“I have the same problem,” the MP said.
Bonding was easier when the Liberal caucus didn’t even have 40 members in it. Now there are 182, and they are meeting amid the farms and fjords of Quebec’s Saguenay region to prepare for the fall sitting of Parliament. The one in which, they keep telling one another, the hard decisions will need to be made.
In the meantime, being Trudeau Liberals, they have team-building games. GUESS WHO, reads a sheet distributed to MPs as they arrived at the Delta Hotel. The rest of the sheet contains tidbits from the biographies of the 40 Quebec Liberal MPs. You have to guess which is which. Well, you don’t, but Liberal caucus members do.
“I was in a popular Quebec boyband.” That’s Peter Schiefke (Vaudreuil-Soulanges), who can still be found on YouTube, in a video from the 1990s, soulfully kissing a girl in a bikini as a member of InMotion.
“When I was young and didn’t speak much English, when tourists asked me for direction I would always say, ‘Just go straight ahead’ every time. Who knows how many tourists ended up in the wrong place . . . .” That’s Stéphane Dion. I feel like more Liberals wish they had known this anecdote when they were picking a leader in 2006.
It’s not all fun and games. If you know where to look, there are warnings against hubris everywhere. Half the caucus is staying at the Montagnais, down the street, where in 2002 an earlier generation of Liberals wrapped up a summer-long orgy of infighting and petty rivalry that marked the long prelude to a decade out of power.
It was at the Montagnais that Jean Chrétien, facing a rebellion from a party that had followed him to three consecutive majority governments, announced he would retire from office — in 18 months. Paul Martin had eagerly sought the resignation, had no idea what to do about the long fuse attached to it, and spent hours figuring out what to say. That was a fun meeting to cover.
This one is more businesslike. It is also vastly harder to get into. Hundreds of RCMP and Sûreté du Québec officers formed a cordon around the Delta on Thursday, more than I’ve ever seen for an event like this, far more than seemed warranted by the desultory clot of worried milk farmers who took turns reading speeches about trade policy to one another through a bullhorn.

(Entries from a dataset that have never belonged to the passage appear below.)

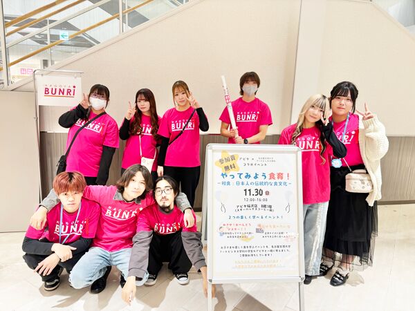 令和7年11月30日(日)、フードビジネス学科2年生の学生9名がアピタタウン稲沢様にて産学連携イベント【第17回 やってみよう食育!~和食:日本人の伝統的な食文化~】を開催し、約130名のお客様にご参加いただきました。
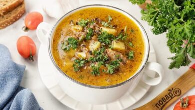 Затем добавьте томатное пюре и нарезанный кубиками чеснок. Готовьте ещё пару минут. Готовый суп с говядиной и картошкой снимите с плиты и дайте ему 10-15 минут настояться.
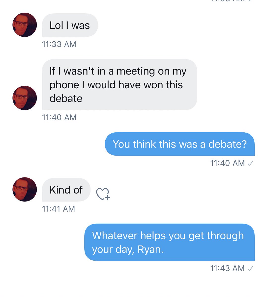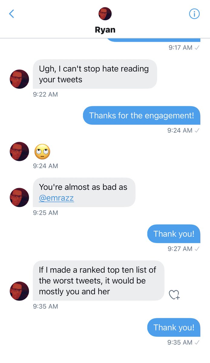 *PS. If you want to know why I have my DMs open it’s because a lot of times people will ask me to amplify a request for help or ask me questions. Even say something nice! there are shitty dudes whom I rarely engage but every once in a while I do and it’s just perfect content.
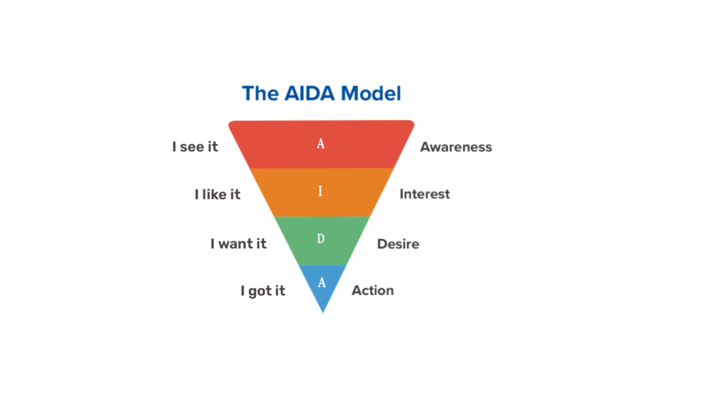 Terdapat 4 tahap marketing funnel paling umum, diantaranya adalah model AIDA yang membantu pemasar memahami apa yang terjadi dalam pikiran calon pelanggan, dimulai dari kesadaran awal terhadap produk hingga pembelian akhir. Model AIDA ini terdiri dari tahapan Awareness, Interest, Desire, dan Action.
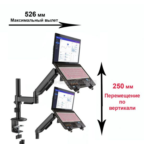 Плавное и лёгкое движение кронштейна влево и вправо, вперёд и назад, вверх и вниз, а также фиксация в любом промежуточном положении; Стальная конструкция высокой прочности, обрамлённая эффектным корпусом; Компактный корпус освободит много места и позволит перемещать ноутбук в любое положение; Система скрытой укладки кабеля внутри корпуса кронштейна; Лёгкая и быстрая установка.

But these days, if you wonder why security is heavy, there is probably a reason, and inside the layers of security the Liberals are in good spirits. Despite the steady drip of stories documenting questionable spending practices by Trudeau cabinet ministers. Liberals are pretty sure the rules will be fixed and the stories will go away. They had better see to it.

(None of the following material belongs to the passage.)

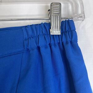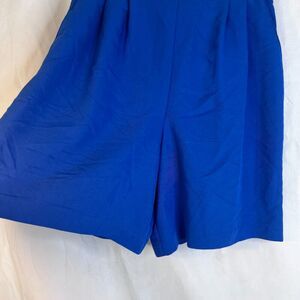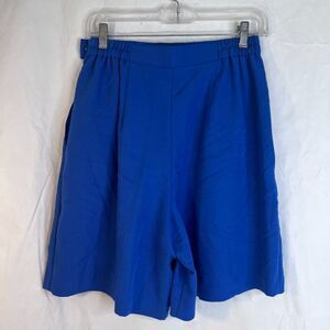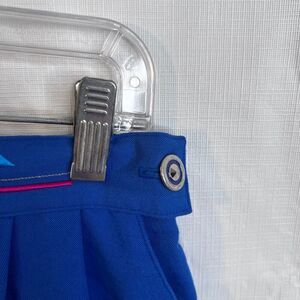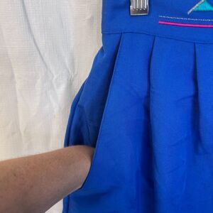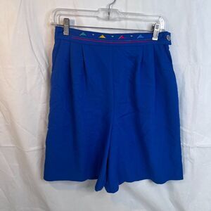 SHORTS: pleated front, high rise, wide leg, boxy, front pockets, side button, geometric patterned hem, stretchy side waistband

Justin Trudeau’s speech to the caucus before their lunch break was at least partly theatre for the scribes, who were allowed in to hear it, but his message was designed to fit this long twilight-summer moment between triumph and trouble. It’s getting late to celebrate a victory now nearly a year in the past, and the prime minister chose to urge his troops against complacency.

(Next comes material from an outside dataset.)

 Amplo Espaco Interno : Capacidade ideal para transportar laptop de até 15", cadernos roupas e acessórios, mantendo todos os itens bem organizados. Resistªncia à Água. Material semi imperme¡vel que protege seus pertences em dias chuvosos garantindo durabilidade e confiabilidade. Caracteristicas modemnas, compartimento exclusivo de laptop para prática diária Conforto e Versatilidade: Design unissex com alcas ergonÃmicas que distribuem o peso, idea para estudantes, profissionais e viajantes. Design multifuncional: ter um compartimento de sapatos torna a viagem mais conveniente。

“In just the first two weeks of August last year, we had more than 73,000 conversations with Canadians across the country by going door-to-door. That’s impressive. But in all of 2016, we’ve had only 12,000 conversations with Canadians. Not only can we do better, but we must.”
One notes that today’s Liberal party counts these conversations, even now. But Trudeau’s point was not only about volume. “We should be proud of what we’ve accomplished, but never satisfied. After all, there is always more work to be done.”
Such as? “Climate change.” Climate change? “If we want to grow the middle class in Canada and ensure it prospers, we must prepare the transition to clean growth. And the path to that transition goes through innovation.” Trudeau mentioned water treatment in Nova Scotia and public transit in Montreal. “We make these investments, not because we want to, but because we must.”
Got it. “Let’s get back to basics. Knock on doors, meet with Canadians and listen more than we talk.” Later Thursday, the MPs had a boat cruise. Friday some will go kayaking. They will miss those moments when politics comes rushing back in.